Kamu kaynaklarının korunması açısından, bu ifşa büyük önem taşıyor. İBB gibi dev bir kurumun kaynaklarının, paralel yapılar üzerinden erimesi, sadece mali bir kayıp değil, aynı zamanda demokrasiye darbe niteliğinde. Vatandaşlar, vergilerinin nereye harcandığını bilme hakkına sahip; Yavuzyılmaz'ın sunduğu tablo, bu hakkı savunan bir manifesto gibi.
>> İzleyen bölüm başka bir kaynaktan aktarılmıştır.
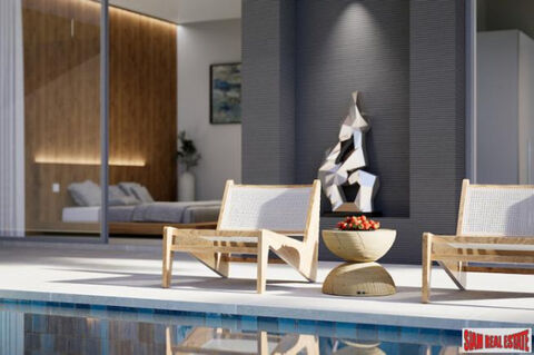 Covered parking at these Koh Samui contemporary villas grants your arrival into the lush garden, where pathway delivers you straight to the property. Windows soar and the ceiling height takes on dramatic angle, beckoning you into an enchanting world of style and luxury. Rich natural textures combine with the expansive scale to create livable art throughout in a contemporary open layout. The intelligently designed kitchen includes plenty of space and light for preparing the perfect meal or starting your morning just right. The breakfast bar creates additional seating for great conversations. A generously sized dining area makes an idyllic spot for casual or formal meals while glass doors frame lush, verdant vistas of the pool terrace and garden beyond. Privacy and seclusion abound in your walled-in yard where a terrace surrounded by greenery allows outdoor relaxation and alfresco dining. Within the main building is the master suite retreat, where you can dream away in a room of utmost elegance and comfort complete with ensuite bathroom offering shower, separate soaking tub and double basins. A separate building houses two additional bedrooms, all of which are ensuite, and all overlook the pool with direct terrace access.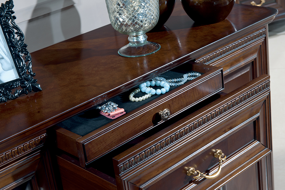 Изящные формы подчеркиваются высоким качеством используемых материалов (древесина ольхи и элементы из шпона ольхи). Мебель доступна в четырех цветовых вариантах: коричневый, белый, белая патина, кремовый, кремовая патина. Материал фасада: древесина ольхи и шпон ольхи.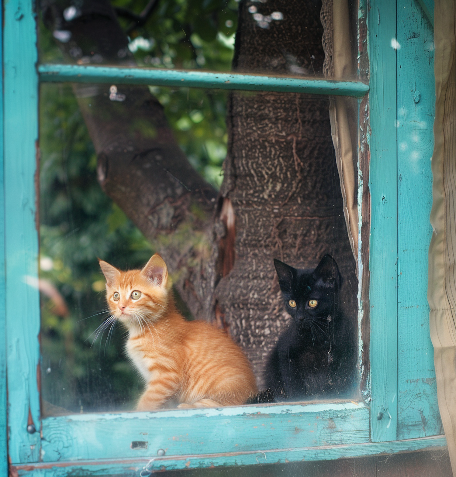 Two kittens, one ginger and one black, sit on a rustic turquoise windowsill, gazing outside with curious expressions.
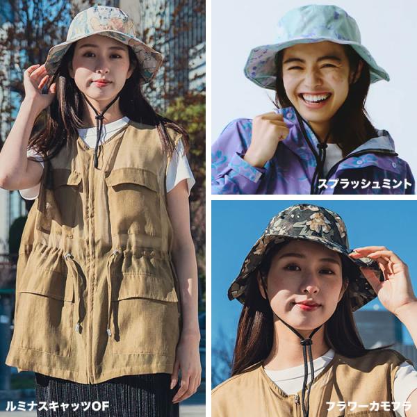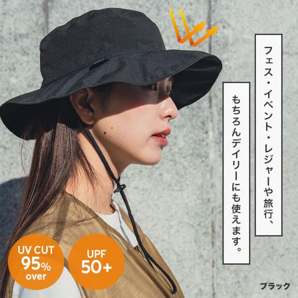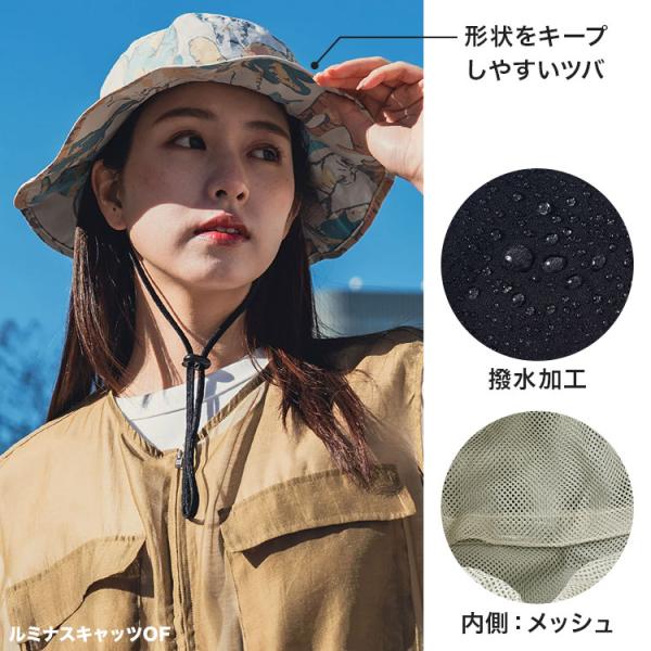 ドローコード付きあご紐でフィット感を調整でき、UPF50+とUVカット90%以上で紫外線対策も万全です。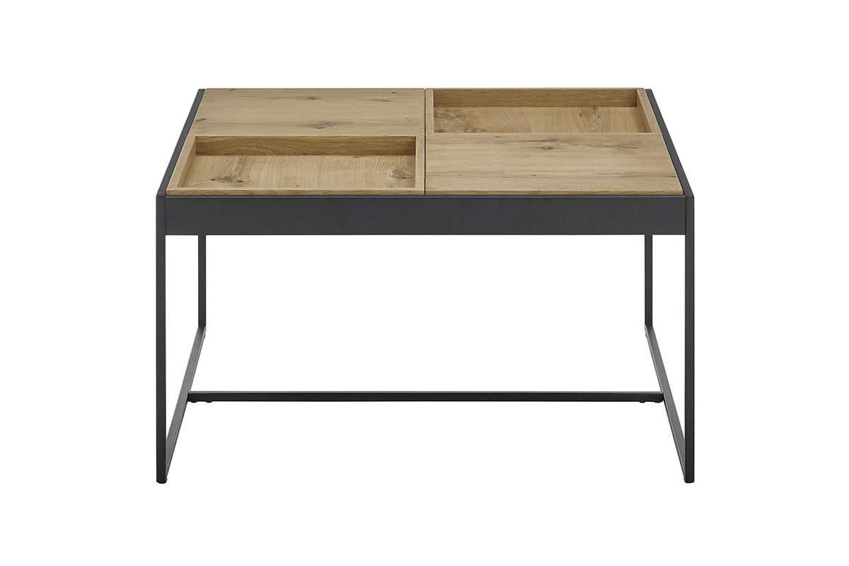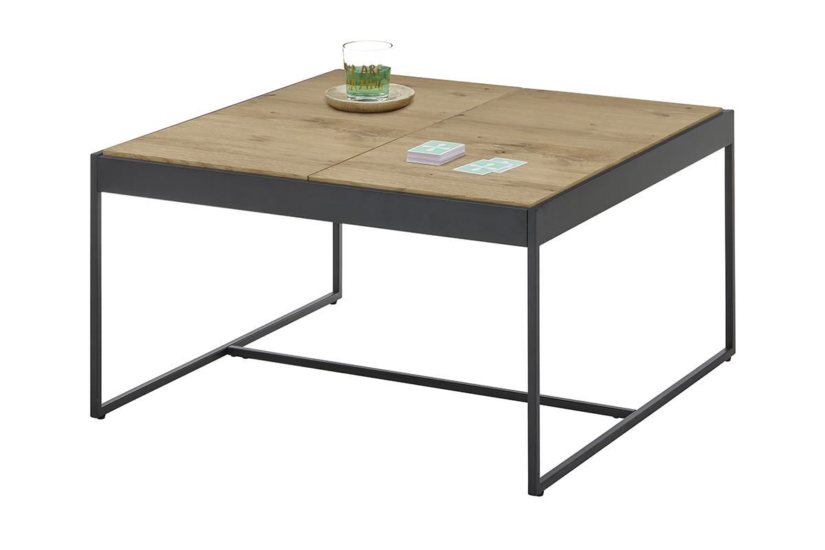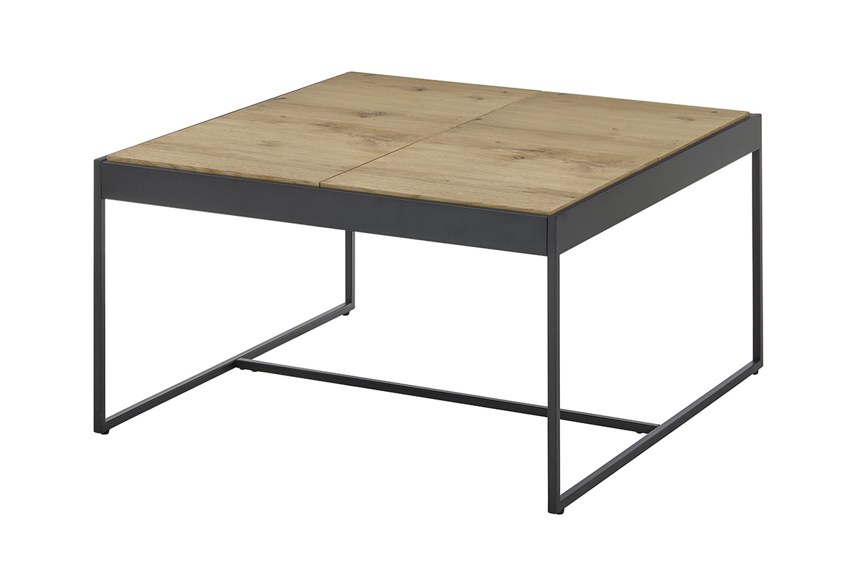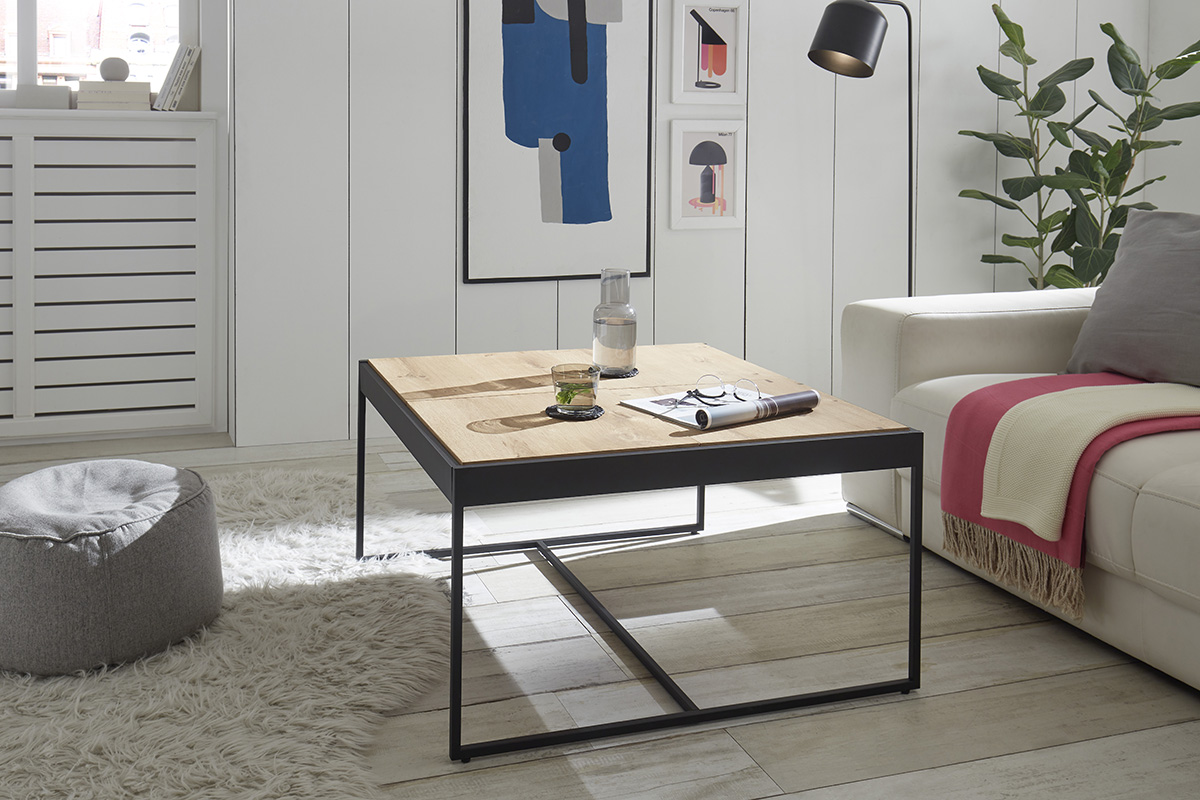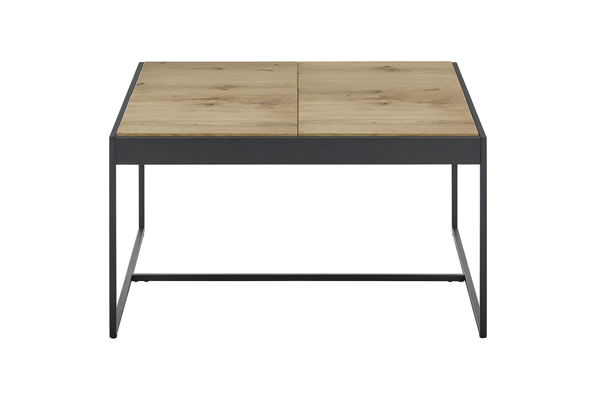 Tugev metallraam on viimistletud musta pulbervärviga, pakkudes stabiilsust ning modernset kontrasti puidupinnaga. Ruudukujuline vorm muudab laua kompaktseks ja hästi sobivaks erineva suurusega eluruumidesse.

Belgelerin paylaşılmasıyla, konunun yargıya taşınması da gündeme gelebilir, zira usulsüzlük şüphesi ağır basıyor.
Sonuç olarak, Deniz Yavuzyılmaz'ın bu cesur çıkışı, İstanbul'un siyasi tarihine yeni bir sayfa açıyor. Paralel yapıların ifşası, sadece İBB'yi değil, benzer iddiaların dolaştığı diğer belediyeleri de etkileyecek. Kamuoyunun gözü yarında; belgeler, bu iddiaların ne kadar derin bir yolsuzluk ağına işaret ettiğini aydınlatacak. Bu gelişme, şeffaf yönetimin ne kadar kritik olduğunu bir kez daha hatırlatıyor ve siyasi hesaplaşmaların kapısını aralıyor.